Thursday, May 20, 2010

State Pensions Now Federal Issue as Bailouts May Top $1 Trillion

IMO, the feds may end up taking all of our pensions, 401k's, IRA's, and dump them into social security. How would you like that?

U.S. states reportedly face a funding gap of at least $1 trillion for the retirement benefits they have promised teachers, firefighters and other public sector employees.

With financial year 2011 less than six weeks away, Illinois, for example, faces unfunded liabilities of about $78 billion, the biggest pension hole in the United States, and contributions of more than $4 billion for 2011, the largest single element of its $13 billion budget deficit, the Financial Times reports.

Illinois is the poster child of unfunded pensions in the United States. But state retirement systems could become a national concern, the Times reported, citing new research.

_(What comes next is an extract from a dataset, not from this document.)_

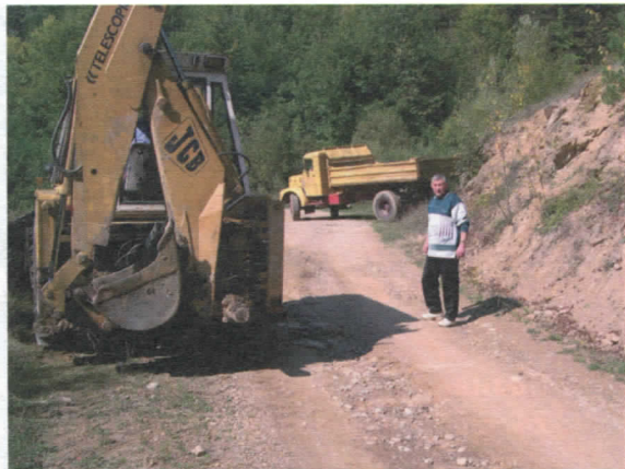
Стругани асфалт у МЗ Драинце

У 2005.години већи део радова био је концентрисан на подручју града. У текућој, биће обрнуто. Дobar део Месних заједница је адекватно сагледан и у 2005.год. У овом делу функционисања локалне самоуправе, јавио се проблем опструкције од стране појединих председник савета МЗ. Разлози су пре свега политички и врло брзо ћемо то да превазиђемо у интересу грађана. Утврдићемо нове принципе месне самоуправе који ће бити ефикаснији и конструктивнији.

Joshua Rauh, associate professor of finance at the Kellogg School of Management at Northwestern University said that, without reform, some state pensions might run out within the decade, the Times reported.

By 2030, as many as 31 states may not have the money to pay pensions.

And, if these funds exhaust their assets, the size of payments for the benefits they have promised will be too large to cover through taxes, putting pressure on the federal government for a bailout that could potentially cost more than $1 trillion, he says.

“It is more than a local problem,” Rauh told the Times. “The federal government could be on the hook.”

Robert Megna, New York’s budget director, said his state had had to make “tough choices” to keep funding its pensions despite budget shortfalls over the past few years.

On March 31, the state made a nearly $1 billion payment for the last fiscal year.

“We had to make cuts: education, healthcare, local government support and not-for-profit providers,” Megna said of the last year’s budget process.

This year, a dozen states have enacted pension reforms more substantial than the minor ones of the past, stateline.org reports.

Among these are Illinois, which raised its retirement age to 67 from 62 for new hires, Wyoming, which began asking current state workers to contribute to their retirement, and Utah, which closed its defined benefit plan to new workers.